Only by making charities much more publicly accountable can Canadians make sure their tax dollars are not going to bankroll terrorist activities abroad, a Liberal backbench MP said yesterday. John Bryden, who has campaigned for better reporting requirements and public disclosure of financial audits of charities and non-profit groups, was responding to a published report that federal Solicitor-General Andy Scott is asking the cabinet to take steps to remove the charitable status of organizations that are suspected of being terrorist fronts.
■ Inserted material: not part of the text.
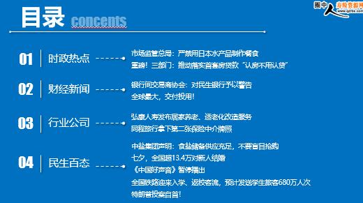 每日新闻速递 2023年8月26日 星期六 目录 时政热点 财经新闻 行业公司 民生百态 市场监管总局:严禁用日本水产品制作餐食 重磅!三部门:推动落实首套房贷款“认房不用认贷” 银行间交易商协会:对民生银行予以警告 全球最大,交付投用! 弘康人寿发布居家养老、适老化改造服务 同程旅行拿下第二张保险中介牌照 中盐集团声明:食盐储备供应充足,不要盲目抢购 七夕,全国超13.4万对新人结婚 《中国好声音》暂停播出 全国铁路迎来入学、返校客流,预计发送学生旅客680万人次 特朗普投案自首! 时政热点 市场监管总局:严禁用日本水产品制作餐食 2023-08-25 09:28 来源:光明网 日本政府无视国际社会的强烈质疑和反对,强行启动福岛核污染水排海,极其自私自利、极其不负责任。 市场监管总局在前期对进口食品安全风险隐患排查整治的基础上,部署各地市场监管部门进一步加大食品安全监管力度,严禁食品生产经营者采购、使用原产地为日本的水产品(含食用水生动物,下同)加工食品、制作餐食或进行销售(含网络销售),加强市场销售进口水产品食品安全抽检监测,发现相关违法行为的,严格依法予以查处。 同时,加大价格监管执法力度,严查囤积居奇、捏造散布涨价信息等哄抬价格违法行为。 重磅!三部门:推动落实首套房贷款“认房不用认贷” 2023-08-25 14:41 来源:央广网 记者25日从住房和城乡建设部获悉,近日,住房和城乡建设部、中国人民银行、金融监管总局联合印发了《关于优化个人住房贷款中住房套数认定标准的通知》,推动落实购买首套房贷款“认房不用认贷”政策措施。 通知明确,居民家庭(包括借款人、配偶及未成年子女)申请贷款购买商品住房时,家庭成员在当地名下无成套住房的,不论是否已利用贷款购买过住房,银行业金融机构均按首套住房执行住房信贷政策。此项政策作为政策工具,纳入“一城一策”工具箱,供城市自主选用。

"If you leave it to the bureaucracy, it's an impossible task," Mr. Bryden, a former journalist who now represents Hamilton-Wentworth riding in southern Ontario, said of the approximately 75,000 charitable organizations and tens of thousands of non-profit groups across the country. You can't allow bureaucrats to do it, you have to allow people to do it. You have to do two things: change legislation and regulations so that the standards of financial reporting are much stricter and broader than exist now - and there are real penalties for failing to fulfill those standards - and, secondly, you have to open up the Income Tax Act so that the information that is supplied to Revenue Canada is publicly available."

Last spring, Mr. Scott, warning that most international terrorist groups have established a presence in Canada, pledged to change laws to make it more difficult for terrorist organizations to raise money in Canada. He did not identify any specific groups. "Some Canadians," he said, "make donations with the mistaken impression that the funds will be directed toward humanitarian efforts."

His statement was followed by an extraordinary public disclosure by Ward Elcock, director of the Canadian Security Intelligence Service, to an in-camera meeting in June of the special parliamentary committee on security and intelligence. Mr. Elcock said the counterterrorism branch of CSIS is currently investigating more than 50 organizational targets and about 350 individual targets. "Terrorist groups are present here whose origins lie in virtually every significant regional, ethnic and nationalist conflict there is," he said.

Mr. Elcock said the support of terrorist activities in Canada includes logistical support, exploitation of ethnic communities through propaganda, intimidating immigrants and fund raising in aid of terrorism. However, he did not name specific organizations in Canada that are involved in such fund raising.

David Charters, of the University of New Brunswick's Centre for Conflict Studies, said he was not surprised by Mr. Elcock's statement that some groups are fronts for terrorists. He also said that groups engaged in illicit activity go to great lengths to conceal their activities. Further, he said, government enforcement and intelligence agencies do not want to reveal information publicly because of worries over compromising international intelligence sources and national security.

Earlier this year The Globe and Mail reported that a Sikh refugee who has lived in Canada since 1991 was arrested as a suspected terrorist and held under national-security legislation that prevents him from knowing the evidence against him.